Source data
-- Opening Marker --
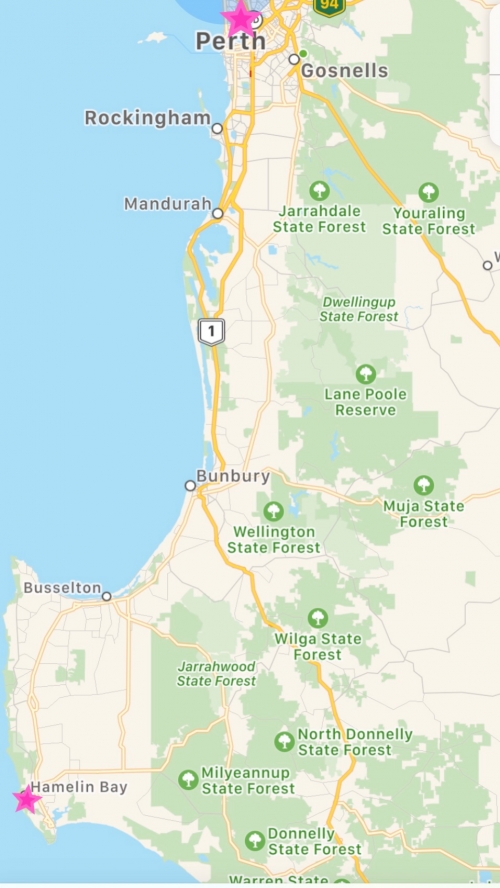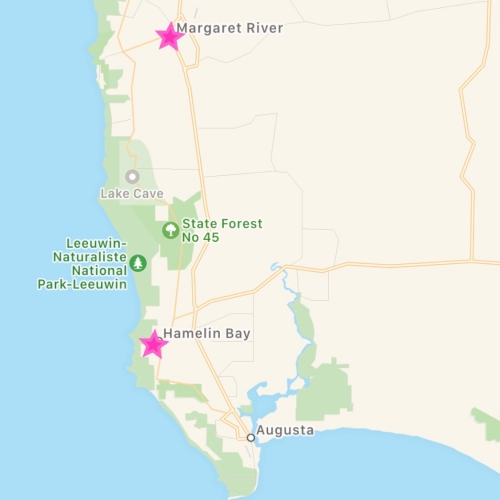ハメリンベイは、パースから南に260kmのマーガレットリバーを越して、約30分の場所にあります。
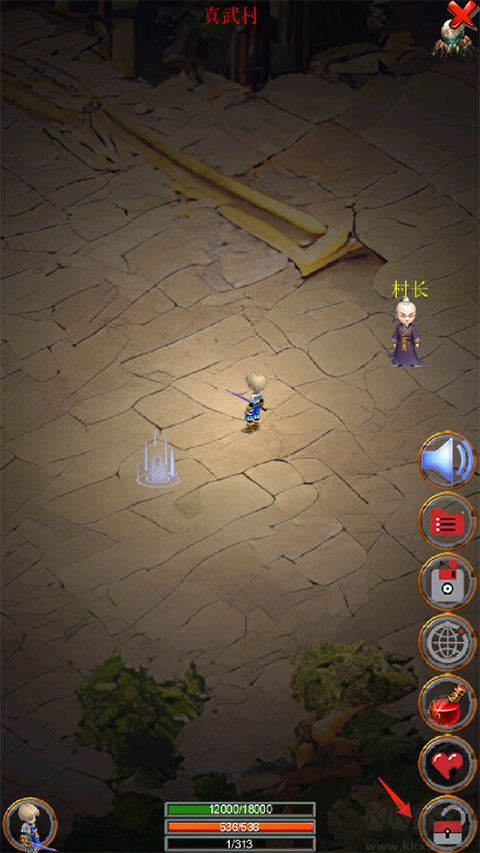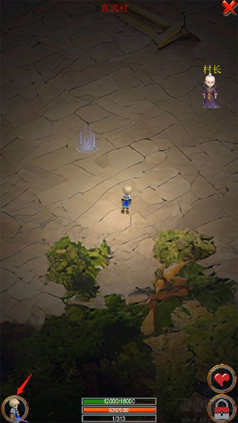 2、移動(dòng)人物往上走、來到村長(zhǎng)身邊,觸發(fā)劇情對(duì)話。?
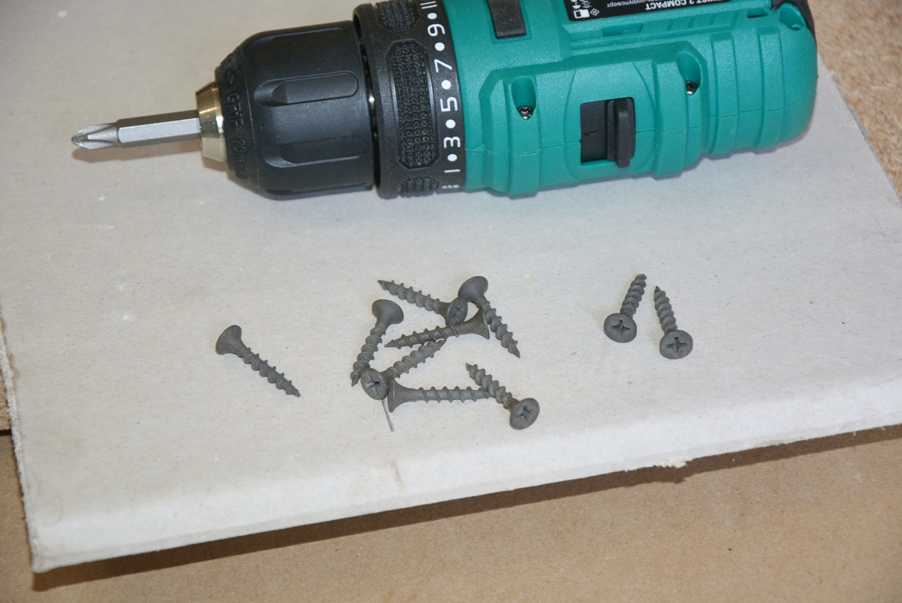 Ну, и чтобы выяснить, когда же аккумулятор-то разрядится, воспользовался саморезами длиной 35 мм. Вкрутить удалось все, что были, а именно 110 штук, а выкрутить 98. Получается где-то 200 штук на уже не полностью заряженном аккумуляторе. Нормальный результат для домашнего шуруповерта с питанием 12 Вольт и нет оснований не верить, что на полной зарядке хватит на 300-400 саморезов. К тому же, есть второй аккумулятор.
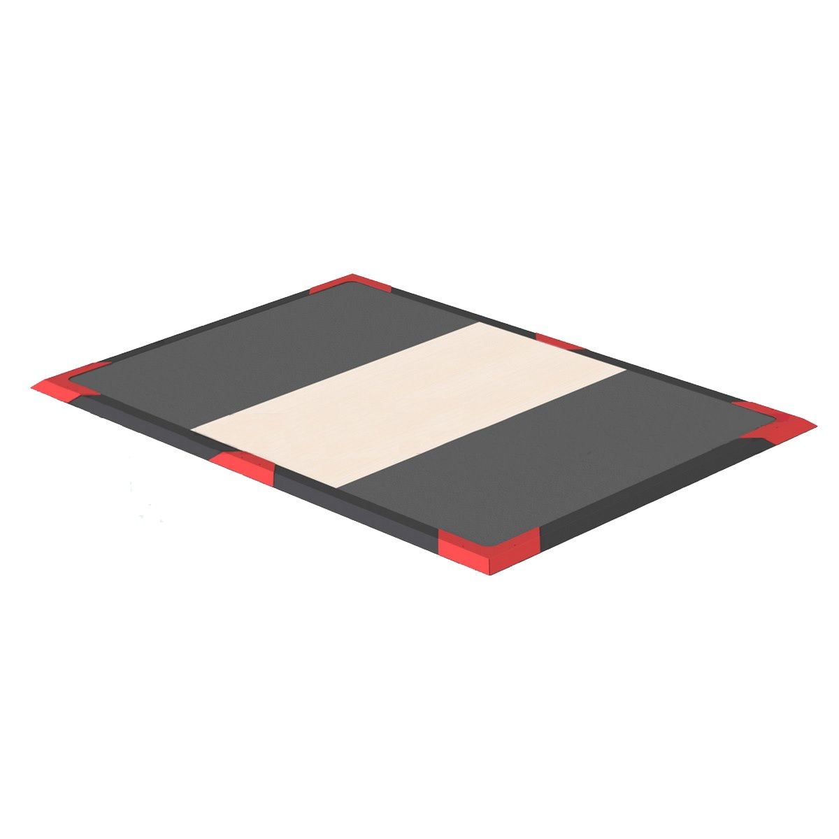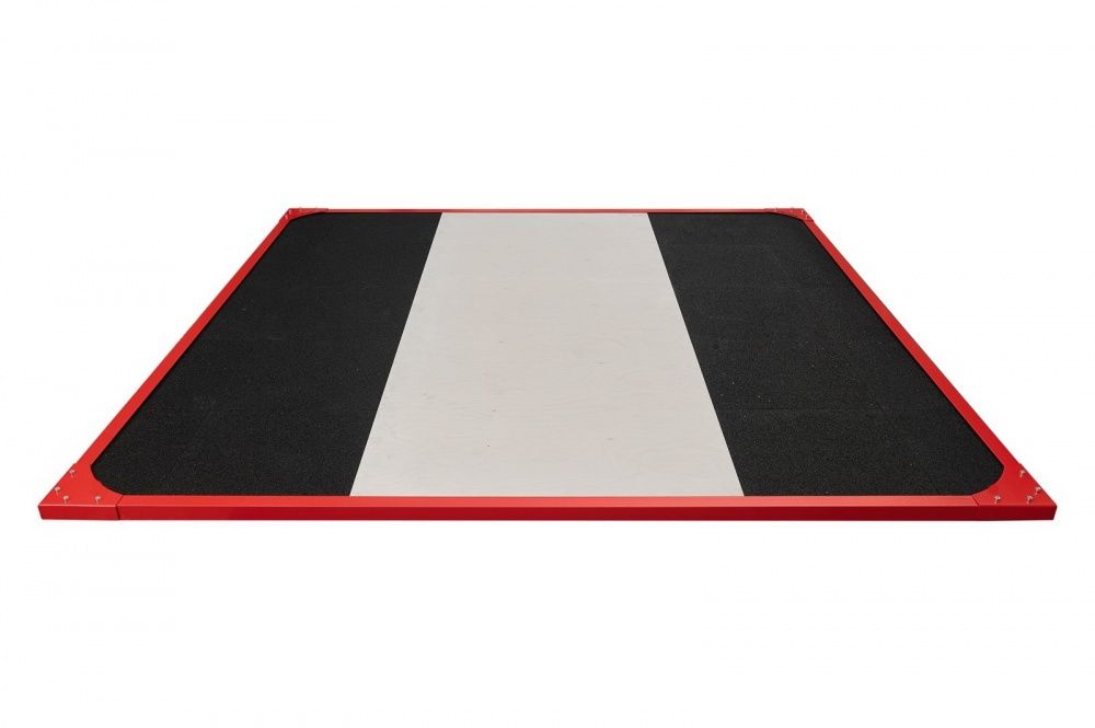 Платформа помоста выполнена из высококачественной сдвоенной фанерной доски, что обеспечивает устойчивость и исключает риск скольжения, а дорожки из резиновой крошки амортизируют падение штанги.
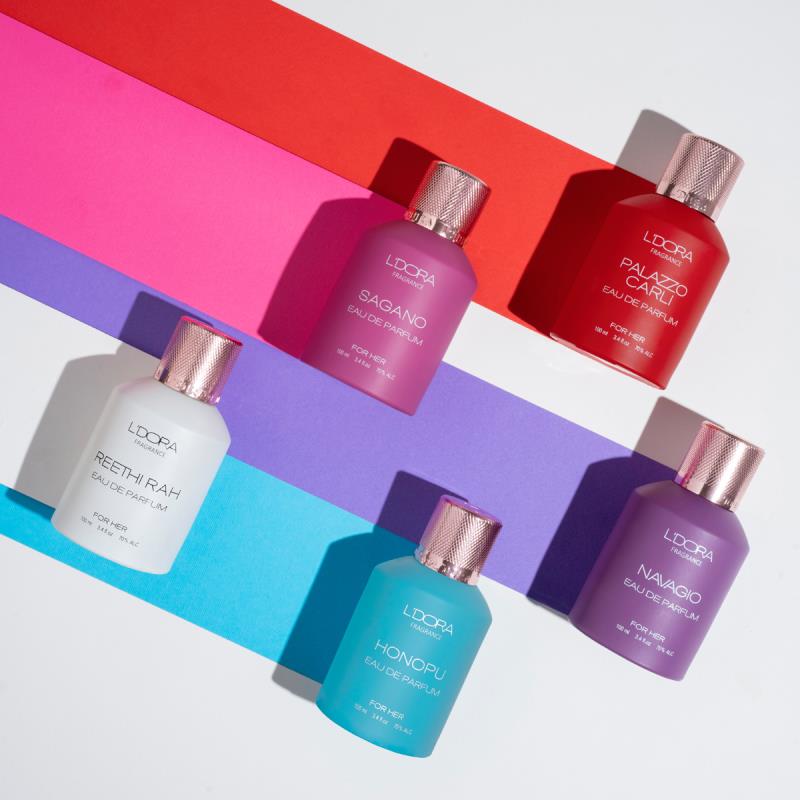 عطرهای لدورا فرگرنس که در حجم 100 میلیلیتر تولید و به بازار عرضه شده، کالکشن جدیدی با کیفیت مطلوب و ماندگاری بالا است که این مجموعه را در طبقهبندی عطرهای نیش قرار میدهد. در ادوپرفیومهای لدورا فرگرنس 100 میلیلیتر اسانسهای طبیعی متمایز و منحصر بهفرد فرانسوی، اسپانیایی و ایتالیایی و ... بهکار رفته است. این عطرها با توجه به سلایق مختلف در چندین رایحه زنانه، مردانه و اسپرت با طراحی جدید، متفاوت و بستهبندی شیک عرضه شده است.
-- Closing Marker --
__EXERCISE AIM__:
Every word of the data should be reproduced exactly; please omit any pictures.

__COMPLETED EXERCISE__:
ハメリンベイは、パースから南に260kmのマーガレットリバーを越して、約30分の場所にあります。
 2、移動(dòng)人物往上走、來到村長(zhǎng)身邊,觸發(fā)劇情對(duì)話。?
 Ну, и чтобы выяснить, когда же аккумулятор-то разрядится, воспользовался саморезами длиной 35 мм. Вкрутить удалось все, что были, а именно 110 штук, а выкрутить 98. Получается где-то 200 штук на уже не полностью заряженном аккумуляторе. Нормальный результат для домашнего шуруповерта с питанием 12 Вольт и нет оснований не верить, что на полной зарядке хватит на 300-400 саморезов. К тому же, есть второй аккумулятор.
 Платформа помоста выполнена из высококачественной сдвоенной фанерной доски, что обеспечивает устойчивость и исключает риск скольжения, а дорожки из резиновой крошки амортизируют падение штанги.
 عطرهای لدورا فرگرنس که در حجم 100 میلیلیتر تولید و به بازار عرضه شده، کالکشن جدیدی با کیفیت مطلوب و ماندگاری بالا است که این مجموعه را در طبقهبندی عطرهای نیش قرار میدهد. در ادوپرفیومهای لدورا فرگرنس 100 میلیلیتر اسانسهای طبیعی متمایز و منحصر بهفرد فرانسوی، اسپانیایی و ایتالیایی و ... بهکار رفته است. این عطرها با توجه به سلایق مختلف در چندین رایحه زنانه، مردانه و اسپرت با طراحی جدید، متفاوت و بستهبندی شیک عرضه شده است.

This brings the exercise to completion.